The grandmother who is “abandoning” her grandchildren needs someone to care. She needs someone to come alongside and say, “How can I help? This is a lot that you’re carrying, and I can see how exhausted you are. Your needs matter too. “
The adolescent who has just entered foster care against her will needs someone to care; someone to give her choices about as many things as possible as she navigates this new life that she did not choose or want or ask for. She needs someone to be curious about the coping tools she’s accumulated to survive in a challenging home environment. She needs someone who is willing to show up again and again and again and again.

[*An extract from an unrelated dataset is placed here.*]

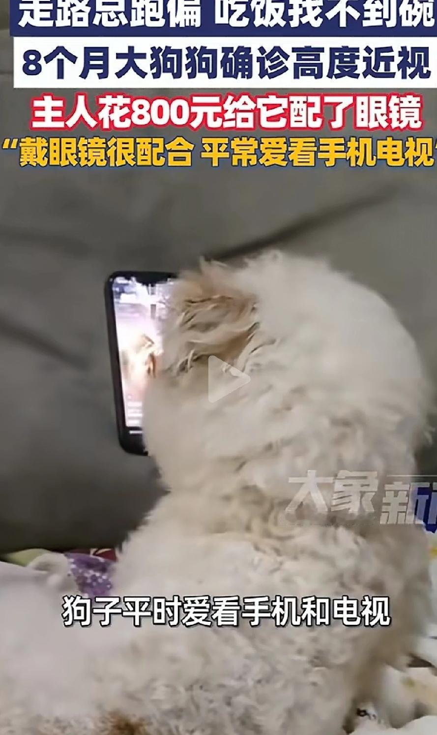 河南,一只才8个月大的小狗,总是撞东西、接不住零食、走路也磕磕绊绊,带去兽医那一查,结果让人哭笑不得——这只狗竟然有“高度近视”!主人专门花800块,给它配了专属小眼镜,而这一切都因为它总爱跟着主人看手机、看电视。

And all these people need someone who is willing to care without expecting gratitude in return.
I have never met a parent who does not genuinely love their child and want to do better, no matter what they have done. I have also never met a parent who gets it all right 100% of the time.
Almost all of the parents of children entering the foster care system are people who have experienced trauma. They are coping with life in the only ways they know how…just like you and I. Many of them grew up in foster care themselves or in abusive or neglectful home environments where they did not get a chance to learn how to care for children or themselves as caregivers with a healthy balance of structure and nurture.
Many of them are isolated, struggling with mental illness, have toxic relationships and lack financial security.
What would it look like to change our understanding of foster care to include more empathy surrounding the losses involved?
My hypothesis is this:
Understanding the losses that children experience when they enter the foster care system would lead to communities who are:
- more empathetic toward children in foster care and their biological families
- more proactive about suppporting struggling families
- curious about behaviors of both children and adults within the system who have experienced loss
- dedicated to preventing the separation of families and supporting the reunification of families whenever possible
One more thought to leave you with.
What is something in your life that you do not like and cannot change?
What emotions, behaviors and coping tools come to the surface as you process that reality?
What might it look like to support someone involved with the foster care system today with empathy, curiosity and care?